Copy all lines in the material holding the string "สวนโออ".

* _Data section_:
--- START ---
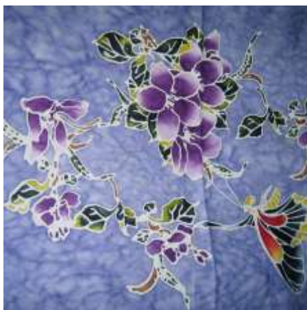
Slika 7: prikaz primjerka batika s Malezije

Batik se u malezijskim analima spominje u 17. stoljeću i povezan je s legendom o Malacca kralju koji je želio da mu se dopremi 140 komada tkanine oslikanih batik tehnikom floralnih motiva iz Indije. Metoda izrade batika na Maleziji razlikuje se od one s Jave i Indonezije općenito. Uzorci su veći i jednostavniji, s tek ponekim detaljnim uzorcima iscrtanim tjantingom . Koriste kistove za nanošenje boje na tkaninu, a boje su svjetlije i puno življe od dubokih i tamnih tonova javanskog batika. Malezijski batik često prikazuje biljne i floralne motive, kako bi se izbjeglo tumačenje ljudskih i životinjskih slika kao idolopoklonstva, u skladu s lokalnim islamskim doktrinama. Međutim, motiv leptira je izuzetak [2, 3, 4, 5].
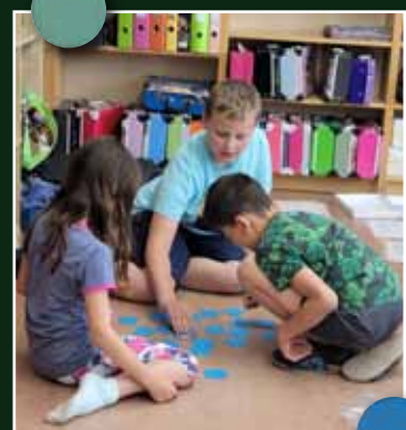
VS St. Marein bei Graz
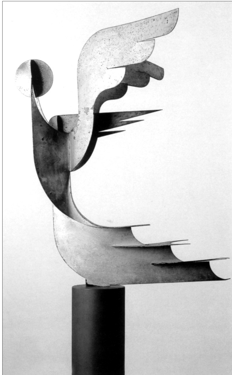
Тайат (Эрнесто Микагеллес). Победа воздуха. 1931

бодная или зависимая, чтобы стать фактом материальной жизни, должна быть как-то упакована и распространена. Это и есть инфраструктура свободы слова, инструмент ее фиксации и распространения. Если пользоваться единственным источником, остается в него свято верить, хотя могут быть и другие взгляды на ту же проблему.
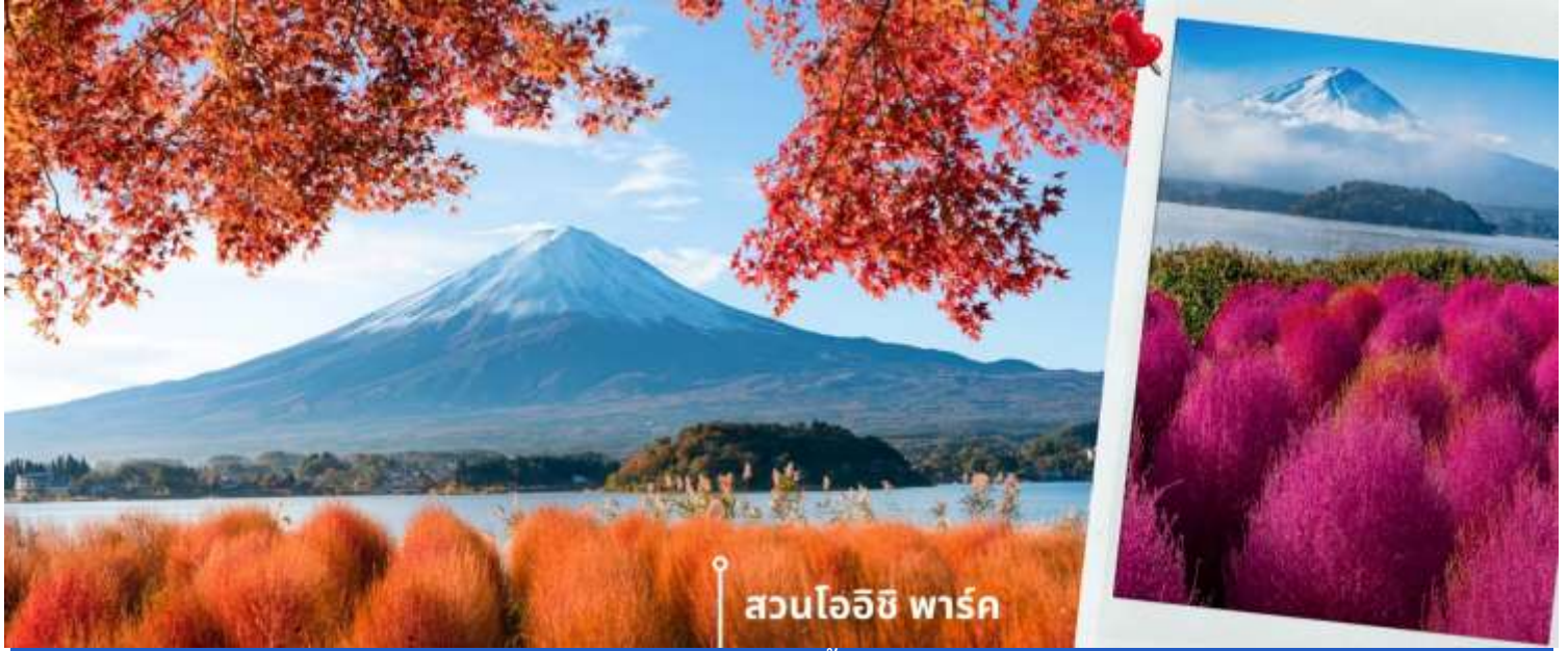
สวนโออิชิ พาร์ค

และไฮไลท์ที่พลาดไม่ได้ที่สุดคือ ทุ่งต้นโคเคีย (Kochia) พุ่มไม้กลมสีแดงสด ที่เรียงรายทั่วสวนที่เป็นเอกลักษณ์ของ สวนโออิชิ พาร์ค บวกกับวิวเบื้องหลังที่เป็นภูเขาไฟฟูจิตั้งตระหง่านอย่างสง่างาม เหมาะแก่การถ่ายภาพและให้ท่าน ได้ชื่นชมความสวยงามตามอัธยาศัย
--- END ---
* _Written response_:
สวนโออิชิ พาร์ค
และไฮไลท์ที่พลาดไม่ได้ที่สุดคือ ทุ่งต้นโคเคีย (Kochia) พุ่มไม้กลมสีแดงสด ที่เรียงรายทั่วสวนที่เป็นเอกลักษณ์ของ สวนโออิชิ พาร์ค บวกกับวิวเบื้องหลังที่เป็นภูเขาไฟฟูจิตั้งตระหง่านอย่างสง่างาม เหมาะแก่การถ่ายภาพและให้ท่าน ได้ชื่นชมความสวยงามตามอัธยาศัย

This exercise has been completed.